According to Ehnes, the Great Falls Trail Bike Riders Association actually signed up 1,000 “complimentary members.” “Not all of the thousand signed up to be full members, but close to 400 of them did. We almost tripled our paid membership using this campaign,” said Ehnes.

“When it came time for travel planning by the Forest Service, we had a database of 1,000 supporters; and they were all concerned people directly affected by any decision the Forest Service made,” continued Ehnes. “If you rely on just your membership list, then you’re carrying a small percentage of actual riders you can tap for support.”

Who knows, you may be able to attract a Forest Service engineer to become a member of your club using this tactic. “We get involved in trail projects that employees of the Forest Service work on,” said Ehnes. “It turns out that one of our best members is an engineer with the Forest Service. “He likes to ride trail motorcycles. We got to know him working at trail projects, and he got to know what we were about. He joined, and now we work closely together concerning trail relocation and trail design and layout. When he does a motorcycle trail, he asks members of the club to go along with him to see what he has in mind to make sure it is good for the riders.”

Retaining Membership

Ehnes also noted that it can be difficult for a club to retain its members. He said that the Great Falls Trail Bike Riders Association has tried some things that seem to work.

Ehnes explained that his club used to hold monthly meetings whether or not it had anything to discuss. “When you do monthly meetings, people are enthused for a while. However, when you don’t have anything to discuss, then people find the meetings a waste of time; and they don’t attend. Just the same few guys would show up. So we call meetings only when there is a reason to call a meeting. It might be a month between meetings, two or three months between meetings. It depends on the time of the year, and what we are working on. People know that if a meeting is called, then there is a good reason for it, and they will attend.”

Ehnes added that a club needs to have a good balance between being active politically and just plain having fun. The Great Falls Trail Bike Riders Association has volunteer trail projects, but it also holds fun events like pot lucks and socials. “It helps to keep people involved,” said Ehnes. “They feel like they are a part of the club.”

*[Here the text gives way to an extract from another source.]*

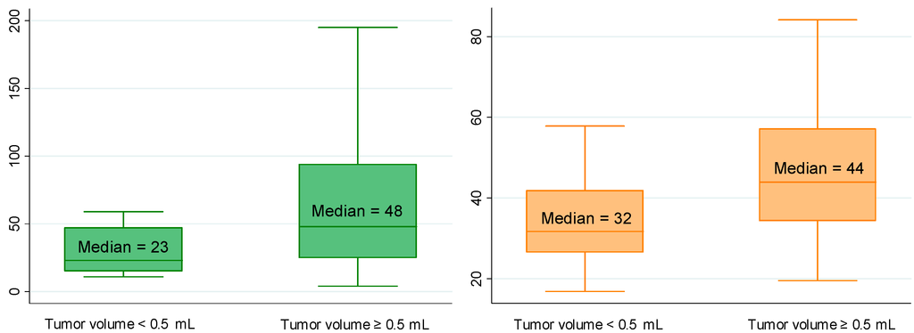 | Total tumor volume (mL) a n = 153 | <0.5 n = 19 (12%) | 6.2 (4.1–10.1) | 0.276 | 23 (15–47) | 0.004 | 14 (1–105) | 0.090 | 32 (27–42) | 0.002 |

He said that the Great Falls Trail Bike Riders Association holds about two to three trail projects a year and two or so social events a year. The pot luck is an example of a social event that occurs every spring. It also holds a state ride for members every year.

He has also found that simply asking a person to help will get a positive response. “In a meeting you ask in general for someone to provide a truck to carry some equipment, and you may not get a volunteer. However, if you ask a particular person to do it, then they appreciate being asked and will do the task,” said Ehnes. “People like to be asked.”

It is apparent from what Russ Ehnes says that you have to work to grow your membership, and you have to be innovative in keeping them involved.